• [INSTRUCTIONS FOR THE TASK] Transcribe the whole listing without a single picture.

• [DATASET EXCERPT]

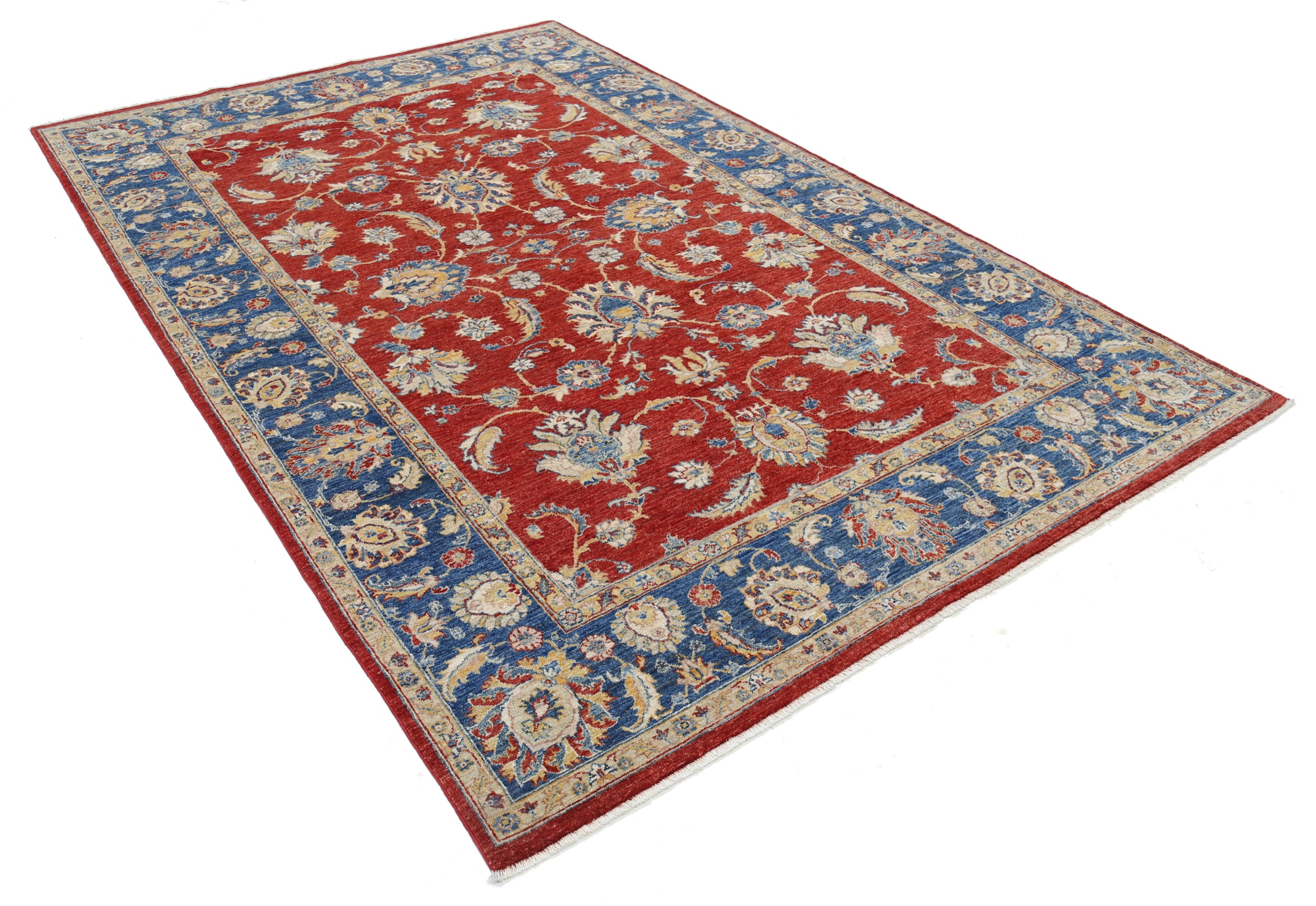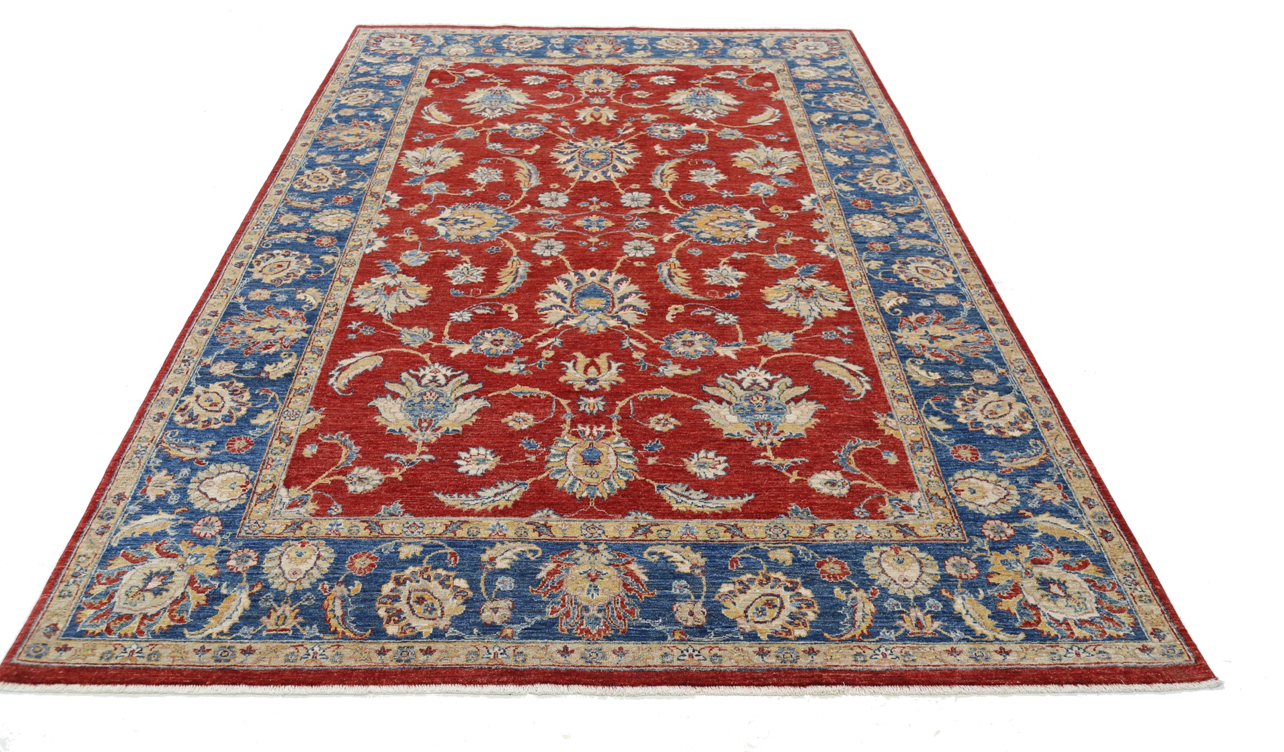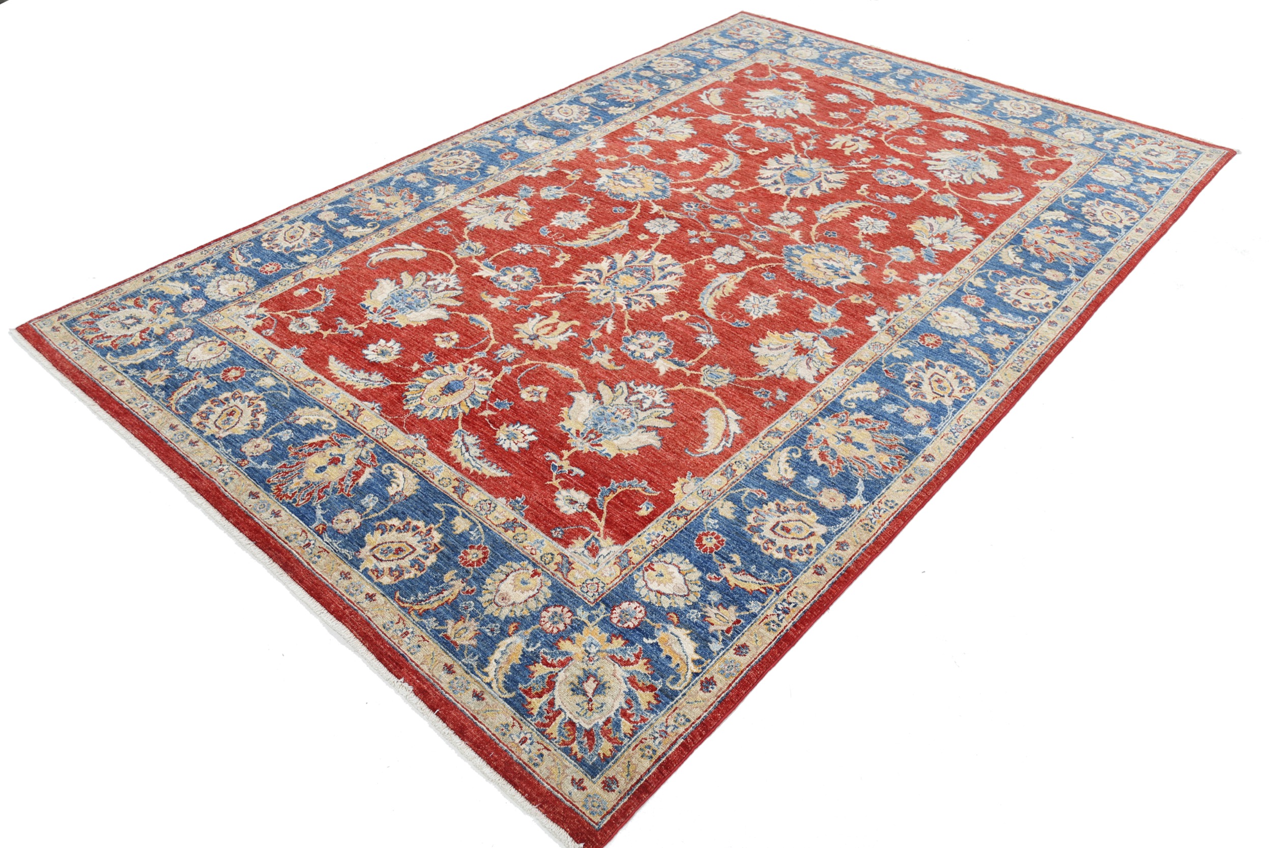 This 6’6″ x 9’10” Oushak rug, hand-knotted in Afghan / Pakistan, features a floral design. Crafted with approx. 156 kpsi, its field color is Red with a Blue border. The rug has a low medium pile 1/4″-1/3″ and a 100% wool pile, in excellent & washed condition.
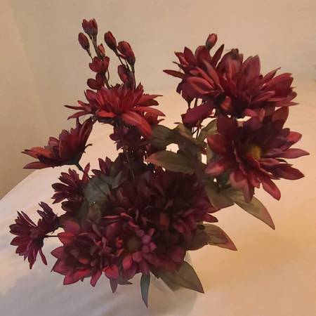 Silk flowers. 15 maroon/burgundy flower stems with green leaves. Various flower sizes, designs, and lengths. All for $10. Located in northwest Austin, Hwy 183 & Oak Knoll area.
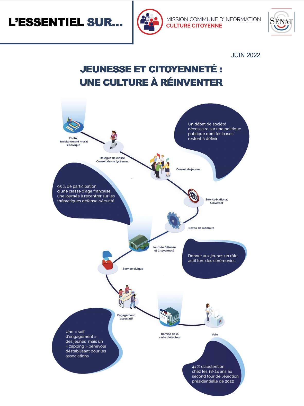 Pour répondre à cette question, la mission d’information du Sénat s’est penchée sur les différentes étapes d’un parcours citoyen qui commence à l’école, qui se poursuit lors de la journée défense et citoyenneté, qui se concrétise à travers l’engagement et qui conduit à exercer des choix politiques à travers le vote ou la participation au débat dans le cadre de la démocratie participative.
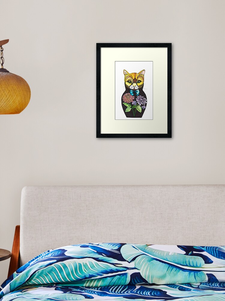 Dahlia Tattoo Style Russian Doll Cat Framed Art Print By

• [ANSWER TO THE EXERCISE]
 This 6’6″ x 9’10” Oushak rug, hand-knotted in Afghan / Pakistan, features a floral design. Crafted with approx. 156 kpsi, its field color is Red with a Blue border. The rug has a low medium pile 1/4″-1/3″ and a 100% wool pile, in excellent & washed condition.
 Silk flowers. 15 maroon/burgundy flower stems with green leaves. Various flower sizes, designs, and lengths. All for $10. Located in northwest Austin, Hwy 183 & Oak Knoll area.
 Pour répondre à cette question, la mission d’information du Sénat s’est penchée sur les différentes étapes d’un parcours citoyen qui commence à l’école, qui se poursuit lors de la journée défense et citoyenneté, qui se concrétise à travers l’engagement et qui conduit à exercer des choix politiques à travers le vote ou la participation au débat dans le cadre de la démocratie participative.
 Dahlia Tattoo Style Russian Doll Cat Framed Art Print By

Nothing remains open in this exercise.